Indigo is not the first organization to encourage farmers to prioritize putting carbon back in the soil. Iowa farmers tried it in the 1990s and the California Healthy Soils Initiative has an incentives program that funds farmers who use practices such as compost application, mulching, no-till and cover cropping.
Mark Bradford, an expert in soil and ecosystem science at the Yale School of Forestry & Environmental Studies.
“In soil science, there are all these initiatives to rebuild carbon in soil. The problem is measurement and verification — how do we make this economically and logistically feasible?” he said. “What I’m impressed by is [Indigo] has data science PhDs and they’re trying to do peer-reviewable, credible science.”
That said, Bradford said the scientific community has far from a consensus on whether this is the right approach. Some wonder whether it is feasible to change farmer practices to such an extent and whether herculean efforts will result in meaningful atmospheric carbon reductions. Other scientists worry that a focus on carbon in soil will redirect attention away from minimizing greenhouse gas emissions. And still others think that building up carbon could produce more nitrous oxide gas, which is even more warming than carbon dioxide.

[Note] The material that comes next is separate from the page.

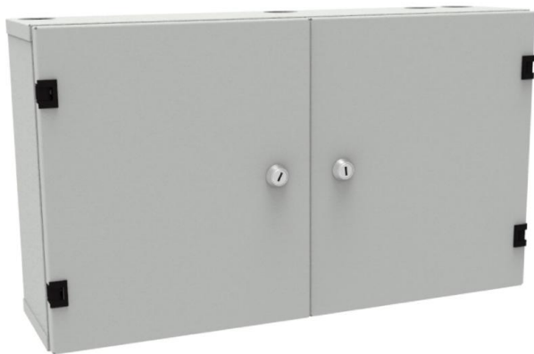
visualization of the closed RDD box without cable spare section

“No one has the models or the data to determine who is right yet,” Bradford said. “We have a lack of measurements. [Indigo is] doing the work on the ground to ask if this is feasible.”
Perry said that while most farmers are sustainability-minded, it’s hard to ask them to make sacrifices to sequester carbon for the good of the planet, especially in the face of so many other financial and climatic challenges. Paying them to make this a priority, he said, is the answer.
“It is the only action we can take today whose impact matches the scale of the problem,” he said. “Instead of reducing the speed at which we approach the climate cliff . . . this enables us to start backing away from the climate cliff entirely.”